Cenários da transmissão do HTLV em populações vulneráveis: Indígenas e Quilombolas

Objetivos de aprendizagem

  • Compreender a origem do HTLV-1/2 em populações indígenas e quilombolas no Brasil
  • Conhecer as prevalências da infecção nas populações indígenas e quilombolas
  • Conhecer as principais rotas de entrada do vírus no Brasil
  • Conhecer os principais fatores de risco à exposição ao vírus nas populações vulneráveis

Origens do HTLV-1/2 e sua chegada no país

Para compreendermos melhor a presença do HTLV-1/2 nas populações vulneráveis brasileiras, em especial os povos nativos e as comunidades quilombolas de afrodescendentes é importante conhecermos os caminhos que trouxeram os vírus até o Brasil.

As infecções humanas pelos HTLV-1 e HTLV-2 tiveram suas origens há milhares de anos, possivelmente no continente Africano, a partir de infecções por retrovírus de símios.

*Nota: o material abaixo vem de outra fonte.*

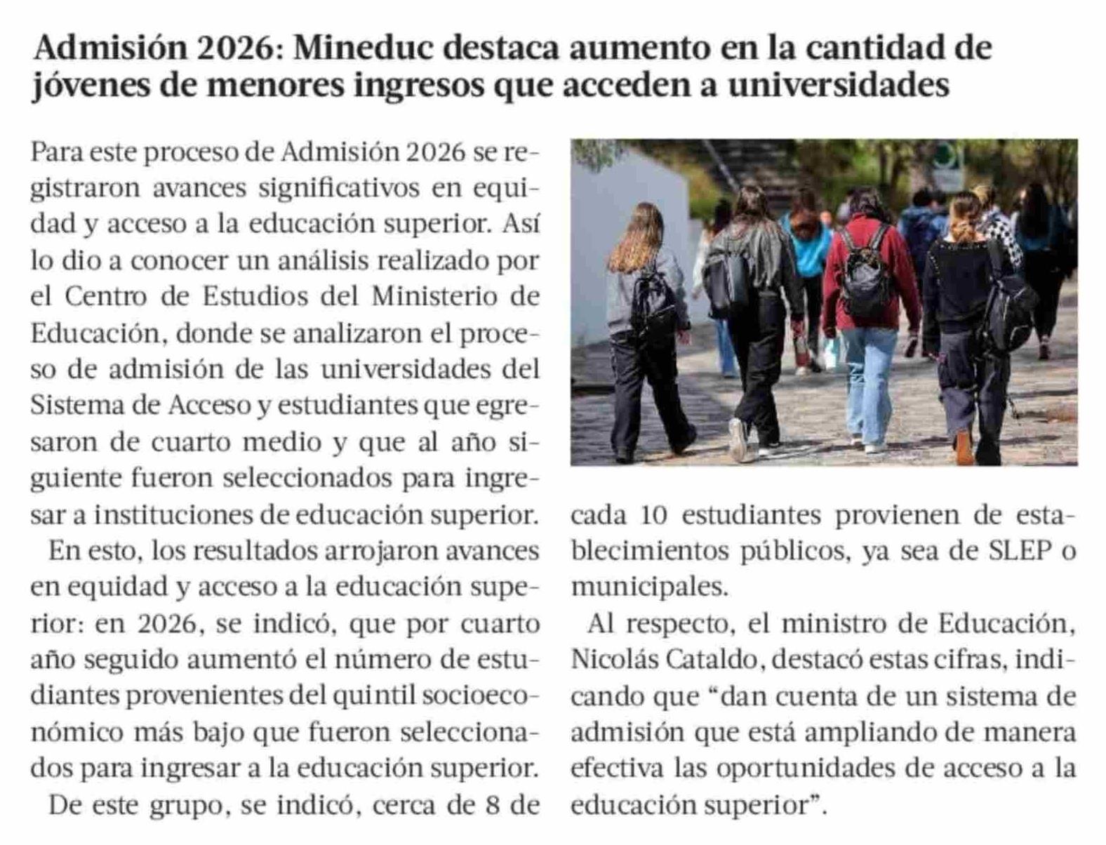 | Título: | Admisión 2026: Mineduc destaca aumento en la cantidad de jóvenes de menores ingresos que acceden a universidades |
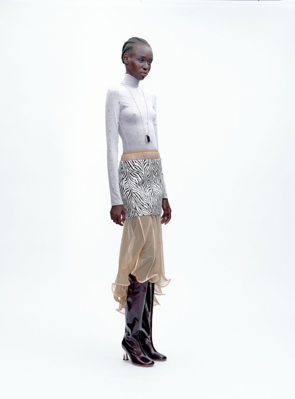 Jacques Wei Fall/Winter 2025 celebrates bold femininity through rich textures and modern glamour. The collection blends luxurious silks, lace, jersey, and intricate embellishment with sculptural tailoring and fluid silhouettes. Animal prints and artistic motifs add drama, balancing structure and sensuality while expressing confidence, individuality, and unapologetic elegance.
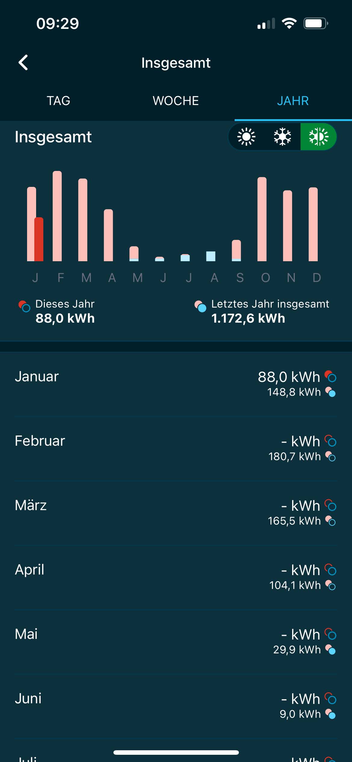 Der Stromverbrauch in dieser Heizsaison ist bei 1900kWh bisher. Ich rechne mit um die 3000-3500kWh für die ganze Saison. Wir kommen von ca. 1300-1500l Öl, was selbst ohne PV-Anteil im Strom ca. 30% Kostenersparnis sind.
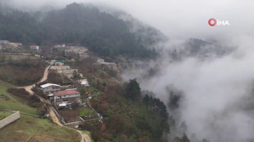 Bursa'da yüksek rakımdan dolayı bulutların içerisinde kalan Gökçeören Mahallesi adeta Trabzon yaylalarını andırdı.
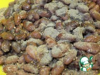 Пока тесто подходит, готовим начинку. Фасоль я замочила на ночь. Потом варила на медленном огне 2 часа. В готовую фасоль добавляем оливковое масло и специи, перемешиваем |
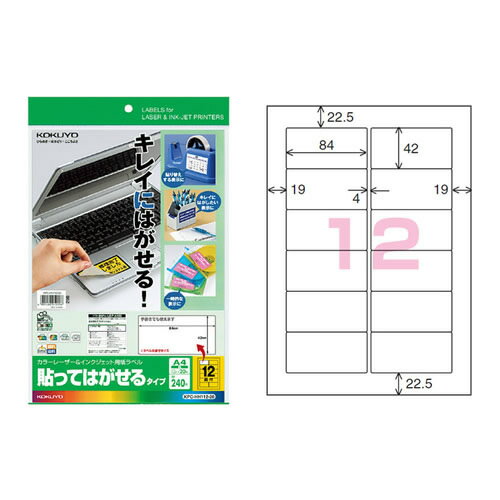 KOKUYO/カラーレーザー&インクジェット用 紙ラベル ○再はくりのりを使っているため、一度貼ってもきれいにはがせます。期間限定の表示など、一時的な表示に最適です。 ○プリンタを選ばないマルチ対応ラベルです。 ※用紙厚さ144g/m2以上に対応する機種でお使いください。 ※用紙種類が選択できる機種で「ラベル紙」または「厚紙」に設定し、印刷してください。 ※MOなどのメディア類やPP製のファイルなど表面が凸凹している場合は、浮き・はがれが発生する場合があります。 サイズ A4 面数 12面 1片の大きさ 42×84mm 枚数 20枚 紙厚 ラベル本体=0.10mm(総厚144g/m2・0.16mm) 白色度 94%程度(ISO)A4サイズ(KPC-HH101-20) 面数:ノーカット 1片の大きさ:297×210mm 枚数:20枚 A4サイズ(KPC-HH110-20) 面数:10面 1片の大きさ:50.8×86.4mm 枚数:20枚 A4サイズ(KPC-HH112-20) 面数:12面 1片の大きさ:42×84mm 枚数:20枚 A4サイズ(KPC-HH124-20) 面数:24面 1片の大きさ:35×66mm 枚数:20枚
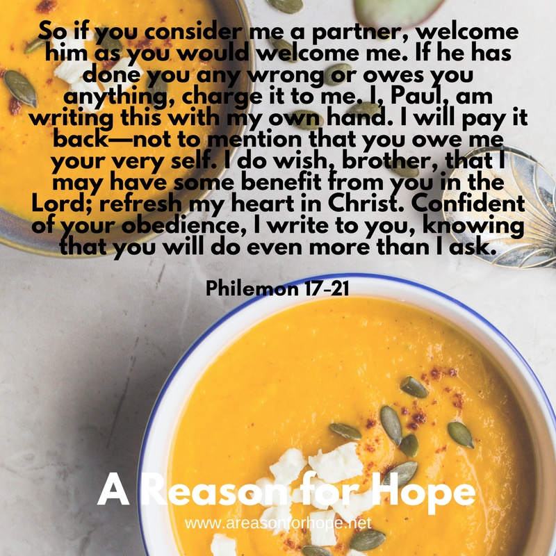 So if you consider me a partner, welcome him as you would welcome me. If he has done you any wrong or owes you anything, charge it to me. I, Paul, am writing this with my own hand. I will pay it back—not to mention that you owe me your very self. I do wish, brother, that I may have some benefit from you in the Lord; refresh my heart in Christ. Confident of your obedience, I write to you, knowing that you will do even more than I ask. – Philemon 17-21
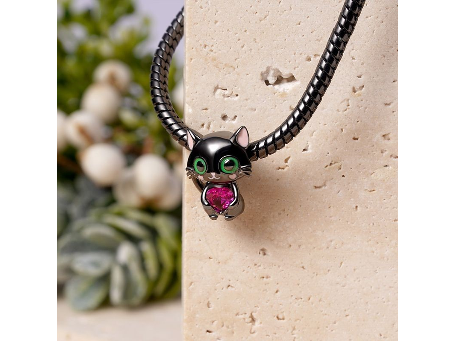 Hermoso y elegante charm con forma Gato Negro Love fabricada en plata 925 de primera ley y cristales, 100% compatible con pulseras de charm. Incluimos de regalo elegante cajita de cartón totalmente gratis con su compra.
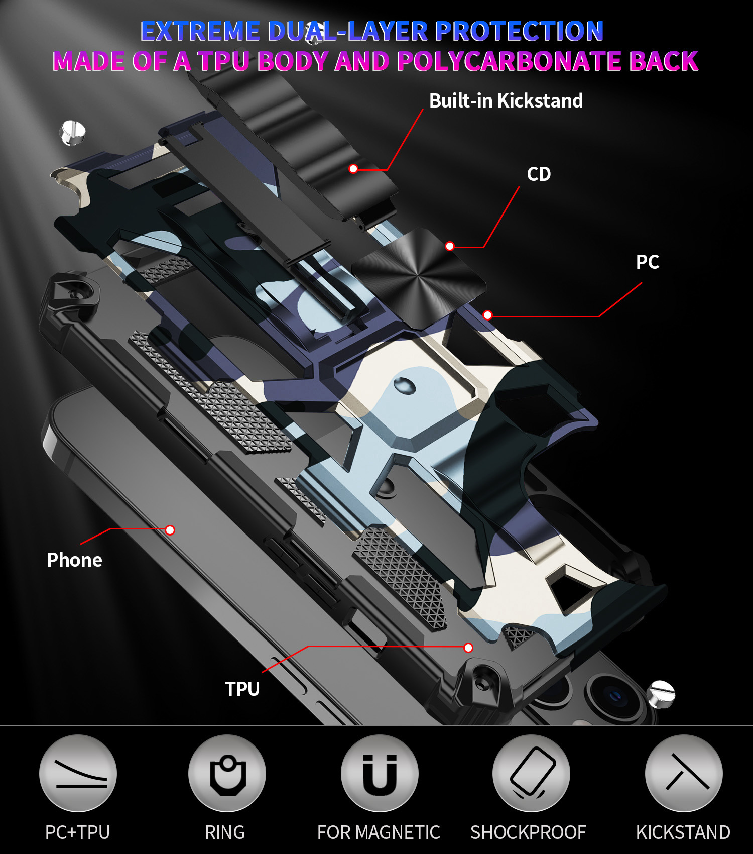 iPhone 13 hoesje backcover armor case met ring houder Camouflage marineblauw
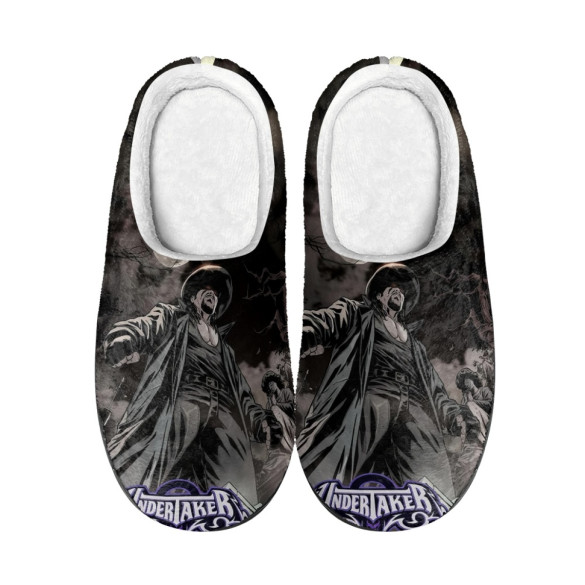 Shop the WWE The Undertaker Slippers featuring the iconic Deadman Poster design. Perfect for fans of The Undertaker, these slippers provide comfort with a touch of darkness.Keep cozy and warm during the colder months with these soft slippers. Perfect for keeping your toes toasty whilst lounging around. Shaped for a sleek and modern silhouette with minimalist styling. Warm, breathable and naturally odor resistant.Features:- Made from 100% polyester- Slip-on style- Grip sole

A partir de então ambos os vírus foram dispersos pelo mundo por meio dos fluxos migratórios humanos.

As rotas originais que introduziram os HTLV-1 e HTLV-2 na América do Sul, em especial no Brasil, são claramente distintas uma da outra e seguiram dois caminhos diferentes, com diferentes tempos e modos de dispersão no processo de povoamento e colonização do continente.

O HTLV-1 fez sua entrada massiva, em um passado recente, na costa leste do Brasil, trazido com as inúmeras entradas desde o início do tráfico de escravos do continente africano através do Oceano Atlântico, no século XVI, e mais recentemente, via imigração japonesa no século XIX. O HTLV-2, por sua vez, teve sua entrada no Brasil, por meio do fluxo migratório dos ancestrais dos atuais povos indígenas, há aproximadamente 15 mil anos.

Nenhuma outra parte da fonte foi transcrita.